#### [Given information]
------------------------------
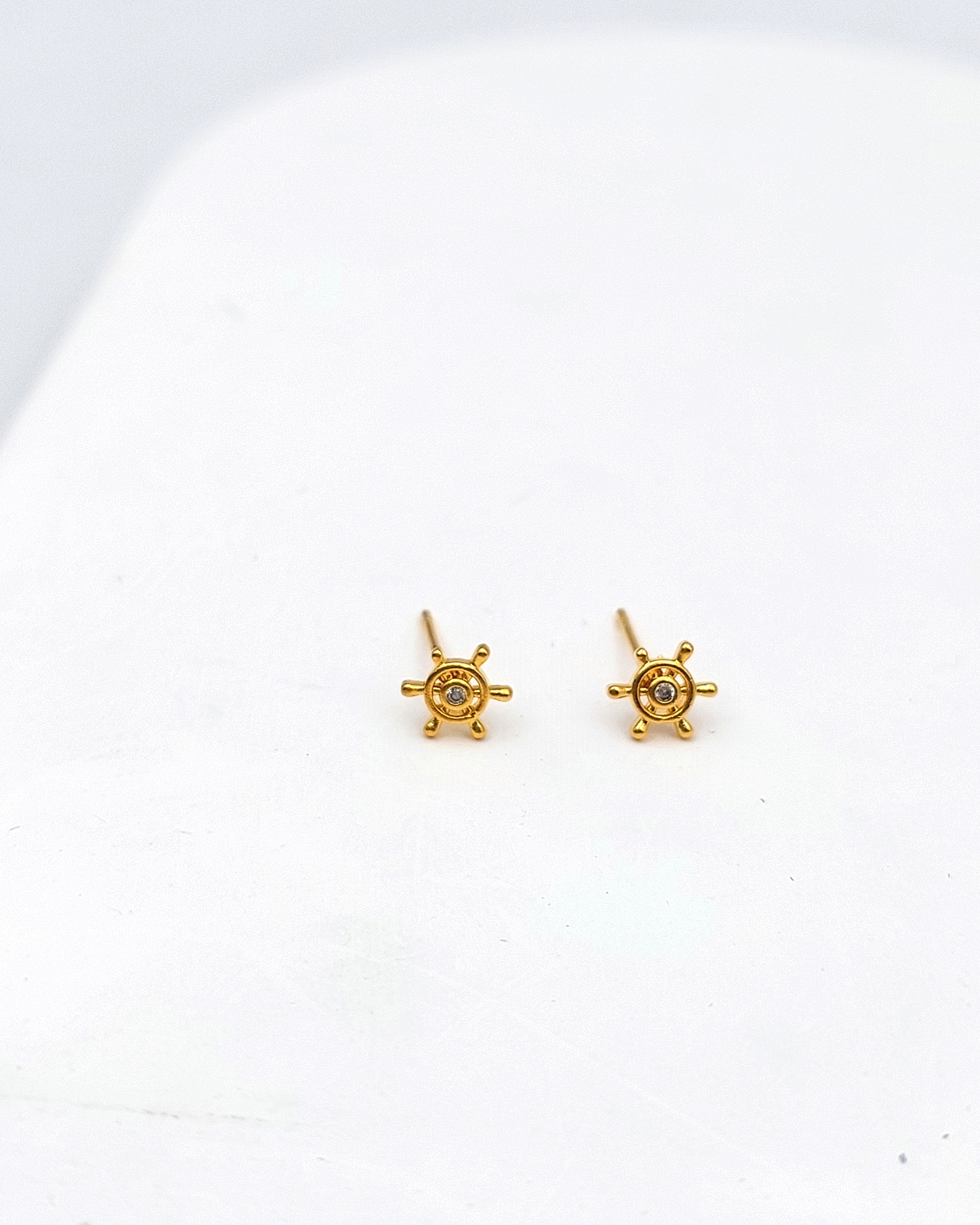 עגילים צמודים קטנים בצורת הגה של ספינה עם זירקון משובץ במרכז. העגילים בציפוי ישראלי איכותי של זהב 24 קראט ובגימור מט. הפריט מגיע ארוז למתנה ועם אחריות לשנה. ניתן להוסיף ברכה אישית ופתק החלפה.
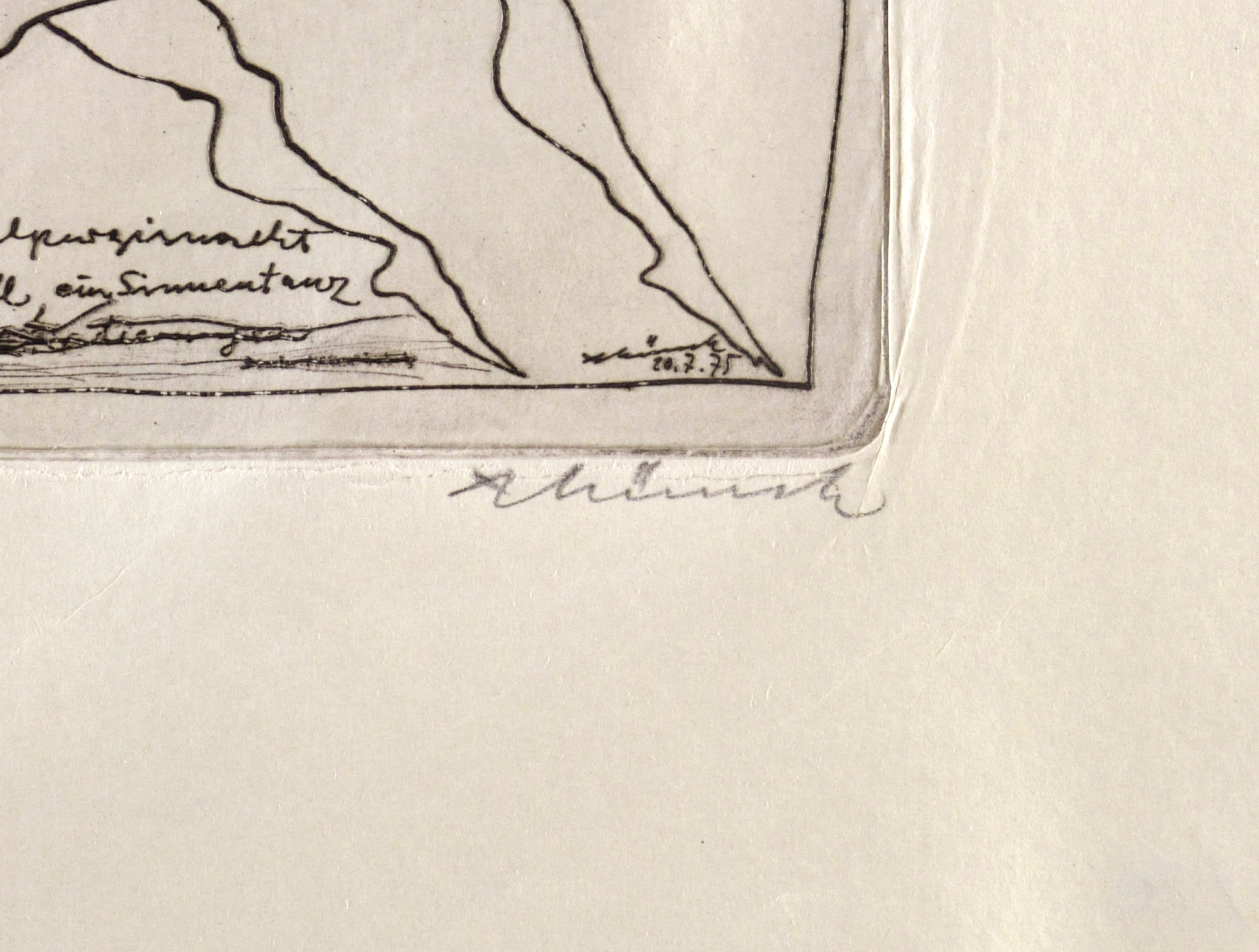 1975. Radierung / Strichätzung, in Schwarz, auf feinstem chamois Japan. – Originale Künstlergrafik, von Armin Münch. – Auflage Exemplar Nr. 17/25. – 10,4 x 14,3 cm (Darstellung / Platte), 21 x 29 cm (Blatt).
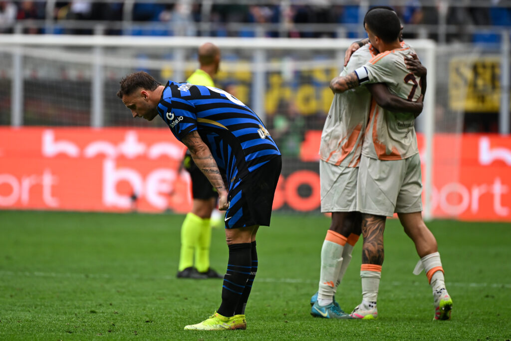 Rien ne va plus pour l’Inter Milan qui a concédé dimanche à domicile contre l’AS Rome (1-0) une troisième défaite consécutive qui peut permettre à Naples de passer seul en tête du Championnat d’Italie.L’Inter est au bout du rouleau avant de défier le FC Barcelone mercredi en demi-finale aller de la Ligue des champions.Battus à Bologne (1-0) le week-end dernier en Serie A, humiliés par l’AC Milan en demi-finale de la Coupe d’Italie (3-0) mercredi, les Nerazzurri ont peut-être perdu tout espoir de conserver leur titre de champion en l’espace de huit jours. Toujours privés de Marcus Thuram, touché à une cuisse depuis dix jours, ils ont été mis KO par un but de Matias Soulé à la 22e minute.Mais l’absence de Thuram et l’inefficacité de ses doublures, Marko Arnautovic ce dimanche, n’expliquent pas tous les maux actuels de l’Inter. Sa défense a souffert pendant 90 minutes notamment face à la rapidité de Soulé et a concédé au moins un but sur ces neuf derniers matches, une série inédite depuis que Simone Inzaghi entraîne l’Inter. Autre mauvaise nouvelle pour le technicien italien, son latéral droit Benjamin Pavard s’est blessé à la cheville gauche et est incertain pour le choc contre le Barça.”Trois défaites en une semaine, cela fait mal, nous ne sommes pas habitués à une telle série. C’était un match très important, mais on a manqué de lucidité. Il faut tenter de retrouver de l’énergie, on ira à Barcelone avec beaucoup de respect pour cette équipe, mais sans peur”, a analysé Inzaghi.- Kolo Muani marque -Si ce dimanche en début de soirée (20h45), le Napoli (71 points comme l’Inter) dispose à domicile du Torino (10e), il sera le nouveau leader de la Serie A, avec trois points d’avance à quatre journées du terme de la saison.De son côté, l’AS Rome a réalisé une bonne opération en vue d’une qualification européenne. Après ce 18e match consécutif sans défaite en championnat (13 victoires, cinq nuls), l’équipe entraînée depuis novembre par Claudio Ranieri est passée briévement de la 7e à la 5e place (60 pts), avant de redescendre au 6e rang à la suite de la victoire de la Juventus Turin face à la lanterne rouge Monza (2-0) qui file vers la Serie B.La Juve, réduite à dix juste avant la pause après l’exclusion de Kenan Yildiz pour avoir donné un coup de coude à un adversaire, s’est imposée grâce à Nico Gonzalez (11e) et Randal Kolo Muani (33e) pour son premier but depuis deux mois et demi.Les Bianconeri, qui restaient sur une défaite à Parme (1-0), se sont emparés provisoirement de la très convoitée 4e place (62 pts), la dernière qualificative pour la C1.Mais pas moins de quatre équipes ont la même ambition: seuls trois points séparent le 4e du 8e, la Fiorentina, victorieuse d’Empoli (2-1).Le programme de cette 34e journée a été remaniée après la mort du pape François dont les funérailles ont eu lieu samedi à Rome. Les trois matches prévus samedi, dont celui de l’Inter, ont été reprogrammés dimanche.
------------------------------
#### [Task to carry out]
Omit pictures; set down the rest of the material word for word.

#### [Your solution]
 עגילים צמודים קטנים בצורת הגה של ספינה עם זירקון משובץ במרכז. העגילים בציפוי ישראלי איכותי של זהב 24 קראט ובגימור מט. הפריט מגיע ארוז למתנה ועם אחריות לשנה. ניתן להוסיף ברכה אישית ופתק החלפה.
 1975. Radierung / Strichätzung, in Schwarz, auf feinstem chamois Japan. – Originale Künstlergrafik, von Armin Münch. – Auflage Exemplar Nr. 17/25. – 10,4 x 14,3 cm (Darstellung / Platte), 21 x 29 cm (Blatt).
 Rien ne va plus pour l’Inter Milan qui a concédé dimanche à domicile contre l’AS Rome (1-0) une troisième défaite consécutive qui peut permettre à Naples de passer seul en tête du Championnat d’Italie.L’Inter est au bout du rouleau avant de défier le FC Barcelone mercredi en demi-finale aller de la Ligue des champions.Battus à Bologne (1-0) le week-end dernier en Serie A, humiliés par l’AC Milan en demi-finale de la Coupe d’Italie (3-0) mercredi, les Nerazzurri ont peut-être perdu tout espoir de conserver leur titre de champion en l’espace de huit jours. Toujours privés de Marcus Thuram, touché à une cuisse depuis dix jours, ils ont été mis KO par un but de Matias Soulé à la 22e minute.Mais l’absence de Thuram et l’inefficacité de ses doublures, Marko Arnautovic ce dimanche, n’expliquent pas tous les maux actuels de l’Inter. Sa défense a souffert pendant 90 minutes notamment face à la rapidité de Soulé et a concédé au moins un but sur ces neuf derniers matches, une série inédite depuis que Simone Inzaghi entraîne l’Inter. Autre mauvaise nouvelle pour le technicien italien, son latéral droit Benjamin Pavard s’est blessé à la cheville gauche et est incertain pour le choc contre le Barça.”Trois défaites en une semaine, cela fait mal, nous ne sommes pas habitués à une telle série. C’était un match très important, mais on a manqué de lucidité. Il faut tenter de retrouver de l’énergie, on ira à Barcelone avec beaucoup de respect pour cette équipe, mais sans peur”, a analysé Inzaghi.- Kolo Muani marque -Si ce dimanche en début de soirée (20h45), le Napoli (71 points comme l’Inter) dispose à domicile du Torino (10e), il sera le nouveau leader de la Serie A, avec trois points d’avance à quatre journées du terme de la saison.De son côté, l’AS Rome a réalisé une bonne opération en vue d’une qualification européenne. Après ce 18e match consécutif sans défaite en championnat (13 victoires, cinq nuls), l’équipe entraînée depuis novembre par Claudio Ranieri est passée briévement de la 7e à la 5e place (60 pts), avant de redescendre au 6e rang à la suite de la victoire de la Juventus Turin face à la lanterne rouge Monza (2-0) qui file vers la Serie B.La Juve, réduite à dix juste avant la pause après l’exclusion de Kenan Yildiz pour avoir donné un coup de coude à un adversaire, s’est imposée grâce à Nico Gonzalez (11e) et Randal Kolo Muani (33e) pour son premier but depuis deux mois et demi.Les Bianconeri, qui restaient sur une défaite à Parme (1-0), se sont emparés provisoirement de la très convoitée 4e place (62 pts), la dernière qualificative pour la C1.Mais pas moins de quatre équipes ont la même ambition: seuls trois points séparent le 4e du 8e, la Fiorentina, victorieuse d’Empoli (2-1).Le programme de cette 34e journée a été remaniée après la mort du pape François dont les funérailles ont eu lieu samedi à Rome. Les trois matches prévus samedi, dont celui de l’Inter, ont été reprogrammés dimanche.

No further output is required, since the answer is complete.